Bryan Caplan  

Desert Defended

PRINT
The KC Bloggers' Forum... Mercantilism Lives...
Matt Zwolinski responds at length to my two earlier posts on poverty and desert.  I'm going to limit myself to his most telling points.

1. Discerning desert is doubly difficult:
It's important to distinguish between two kinds of problem we might have in making it.  The first is a problem in specifying the criteria that are to serve as the basis of the distinction.  The second is a problem in determining when some particular individual meets those criteria.  Bryan's claim that it's relatively easy to make the distinction is based on his belief that the first of these problems isn't all that serious, but he doesn't address the second at all.  Even if we agree that someone is deserving if they had bad parents, and undeserving if they're lazy, it's not easy at all to tell which of these to is the dominant cause of a particular person's poverty.
It's true that I didn't specifically address this.  But several of my proposed criteria are even easier to concretely apply than to abstractly specify.  We can confidently identify hungry children, the severely handicapped, and victims of war and prohibition when we see them.  Figuring out why you're unemployed is moderately harder.  But a few phone calls to former employers and co-workers, with an assurance of anonymity, will normally suffice.

2. Matt isn't convinced that we should hold government to the same standard as individuals:
One reason we might not care much about false negatives as individuals is that we believe there is a safety net in place that will catch anybody we miss.  But if government is that safety net, then government needs to be much more cautious than we do. 
This sounds both plausible and humane.  But it doesn't hold up.  People who live in countries with blatantly missing safety nets still don't indiscriminately give to beggars.  Neither do tourists - even if they're wealthy social democrats.

3. Matt questions the strength of my presumption against tax-supported charity:
Finally, even if it's clearly true that there's a presumption against the use of force, it seems equally clear that the strength of this presumption depends on the severity and kind of force that's being used.  As much as libertarians like to say that "taxation is theft," most of us think (as Tyler Cowen has recently pointed out) that there is a difference between a burglar breaking into your house and taking your TV, and the government increasing the marginal tax rate by 1%.
Taxes are definitely designed to feel less psychologically invasive and unpredictable than random theft.  But shouldn't libertarians deconstruct this difference instead of buying into it?  Most conscripts don't consider themselves slaves.  But libertarians wisely insist otherwise.

Read Matt's whole response.  It's fair and thoughtful.  But it also exemplifies the most objectionable feature of "bleeding-heart libertarianism": Hasty rejection of libertarian premises that even non-libertarians seem to accept.


Comments and Sharing





COMMENTS (6 to date)
Mo writes:

"But a few phone calls to former employers and co-workers, with an assurance of anonymity, will normally suffice."

If disentangling someone's character and work ethic was this easy then lazy workers would rarely get hired when HR does their due diligence.

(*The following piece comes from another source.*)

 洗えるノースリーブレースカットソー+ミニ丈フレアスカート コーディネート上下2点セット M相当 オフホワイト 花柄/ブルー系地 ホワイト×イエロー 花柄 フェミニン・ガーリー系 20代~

Problem is that even when HR does make calls, lazy people still get hired. maybe a lot of them.

Second, checking references is really time consuming when done right. Someone was checking my references a few months ago and probably spent 3 hours in total checking me out.

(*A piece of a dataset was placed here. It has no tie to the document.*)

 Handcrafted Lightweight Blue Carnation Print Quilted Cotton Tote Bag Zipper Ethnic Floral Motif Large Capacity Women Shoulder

Charles R. Williams writes:

Effective charity requires the giver to know the receiver. Charity is most effective within the family where we make distinctions all the time about if we should help and what conditions we should attach.

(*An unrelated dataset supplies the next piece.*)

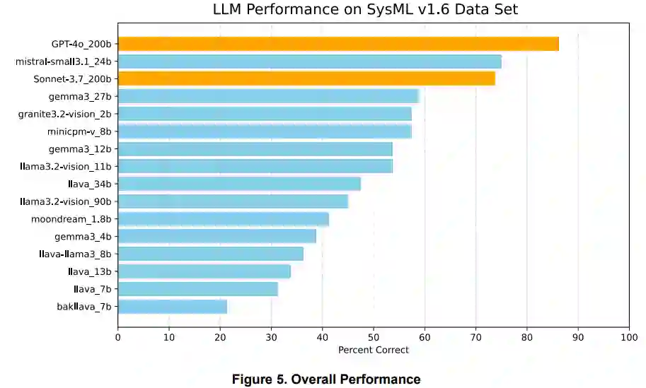 大型语言模型(LLMs)的持续发展为系统工程领域(尤其是视觉问答(VQA)方向)开辟了新机遇。多模态LLMs能够同时处理文本与图形输入,使其可结合基于模型的系统工程(MBSE)模型的图形元素与配套文本描述进行综合解析。本文探究多模态LLMs对系统建模语言(SysML)v1块定义图(BDDs)的理解与解释能力。BDDs是以可视化形式精确描述系统结构元素、属性、关系与多重性的图表。我们采用精选的SysML BDD数据集及配套多项选择题集,对专有与开源多模态LLMs进行评估——该数据集设计用于测试LLMs在布鲁姆分类法前两层级(记忆与理解)的表现,同时分析模型规模对准确率的影响。研究结果揭示了当前哪些LLMs能够原生解析SysML BDD语法,为未来利用AI代理增强系统建模流程的研究提供方向。

Moving out from the family, there is the neighborhood and the parish church, local non-profits like the Salvation Army and finally local governments.

The federal and state governments are simply unable to make these distinctions, except maybe in response to catastrophes.

Richard writes:

Conscripts still get paid. Slaves don't. I think that inability to leave a paying job makes someone a serf, not a slave.

David R. Henderson writes:

@Richard,
That's not the key distinction. As Fogel and Engerman pointed out, some slaves were paid.

redbud writes:

Most past employers say ONLY "not eligible for rehire" to prevent liability issues, and isn't the premise behind taxing me to fund poverty programs that the government steals a little from everyone to give to the "desperate" to prevent otherwise-inevitable individual, sequential, and potentially deadly victimizations at the hands of those desperates? Kind of like the theory of insurance? We all pay a little "protection" money to escape worse individual alternatives?

Silas Barta writes:
that there is a difference between a burglar breaking into your house and taking your TV, and the government increasing the marginal tax rate by 1%.

Why, yes there is: the 1% marginal tax rate increase is worse. I would *much* rather my TV be stolen (and it's medium size, flat-screen, but a bit "old").